В душе Цыси продолжала ненавидеть иноземцев, и эта неприязнь сказывалась даже в мелочах: «Я слышала, что иностранки носят платья без рукавов и воротника, но никогда не думала, что эти платья так уродливы»; «Почему у этих иноземок такие большие ноги? Их туфли похожи на корабли, да и ходят они как-то вразвалку. Кроме того, я никогда не видела иноземцев с красивыми руками. Хоть кожа у них и светлая, но вся покрыта волосами... Голубые или серые глаза мне тоже не нравятся, они напоминают кошачьи» и так далее.

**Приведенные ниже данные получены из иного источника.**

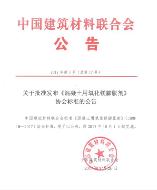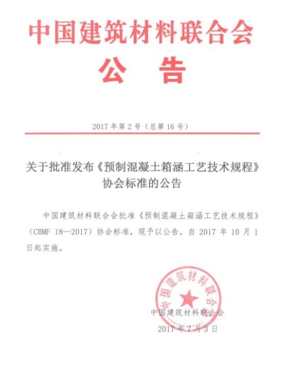 2017年7月,由中國(guó)混凝土與水泥制品協(xié)會(huì)(以下簡(jiǎn)稱協(xié)會(huì))組織制定的《預(yù)制混凝土箱涵工藝技術(shù)規(guī)程》和《混凝土用氧化鎂膨脹劑》兩項(xiàng)協(xié)會(huì)標(biāo)準(zhǔn),通過(guò)審定并發(fā)布批準(zhǔn)公告,標(biāo)準(zhǔn)號(hào)分別為CBMF 18-2017和CBMF 19-2017,將同時(shí)于2017年10月1日起實(shí)施。這是國(guó)務(wù)院《深化標(biāo)準(zhǔn)化工作改革方案》(國(guó)發(fā)[2015]13號(hào))及質(zhì)檢總局、國(guó)家標(biāo)準(zhǔn)委《關(guān)于培育和發(fā)展團(tuán)體標(biāo)準(zhǔn)的指導(dǎo)意見(jiàn)》(國(guó)質(zhì)檢標(biāo)聯(lián)[2016]109號(hào))發(fā)布后,協(xié)會(huì)與中國(guó)建筑材料聯(lián)合會(huì)(以下簡(jiǎn)稱聯(lián)合會(huì))聯(lián)合發(fā)布的首批協(xié)會(huì)標(biāo)準(zhǔn),兩項(xiàng)標(biāo)準(zhǔn)將公開(kāi)出版并發(fā)行。

При всей своей ненависти к иностранцам правительница считала возможным кое-что — очень немногое — заимствовать у них. Так, пришедшие с Запада «идеи „самоусиления“ и „обогащения“ не встречали большого противодействия со стороны Цыси; она даже отнеслась благосклонно к предложению Цзэн Гофаня о посылке за границу для обучения техническим наукам группы китайской молодежи» — именно потому, что речь шла о технических, а не о гуманитарных науках, опасных для династии. Позднее вдовствующая императрица весьма охотно пользовалась в личных целях европейскими изобретениями: фотографией, электричеством, миниатюрным поездом, автомобилем, даже трехколесным велосипедом. Но выглядело все это, как демонстрирует Юй Жунлин, в высшей степени комично — и из-за преклонного возраста Цыси, и из-за ее консерватизма, и из-за пресловутых китайских церемоний:
«Однажды старуха поинтересовалась, умеем ли мы фотографировать. Она хотела сделать несколько своих снимков перед писанием портрета, чтобы меньше позировать, но считала неудобным звать постороннего фотографа. Мы с сестрой ответили, что не умеем снимать, зато наш второй брат Сюньлин умеет... Цыси спросила, чем занимаются Сюньлин и Цинлин (наш четвертый брат). Моя мать призналась, что ничем. Старуха тут же определила Сюньлина в Отдел электрического освещения, а Цинлина — в Пароходное управление.
На следующий день Сюньлин явился во дворец благодарить за милость и сделал несколько требуемых снимков. Наводя на резкость, он хотел встать на колени, но тогда не смог бы дотянуться до фотоаппарата. Чтобы не нарушить ритуал, Ли Ляньин решил принести ему скамейку, однако Цыси проявила еще большую снисходительность:
— Ладно, на время съемки избавляю его от коленопреклонения!
Но это оказались еще не все трудности. Сюньлин был очень близорук и не мог наводить на резкость без очков, а перед Цыси носить очки не разрешалось. Он снова обратился к Ли Ляньину, тот доложил вдовствующей императрице, и только тогда мой брат получил соизволение надеть очки...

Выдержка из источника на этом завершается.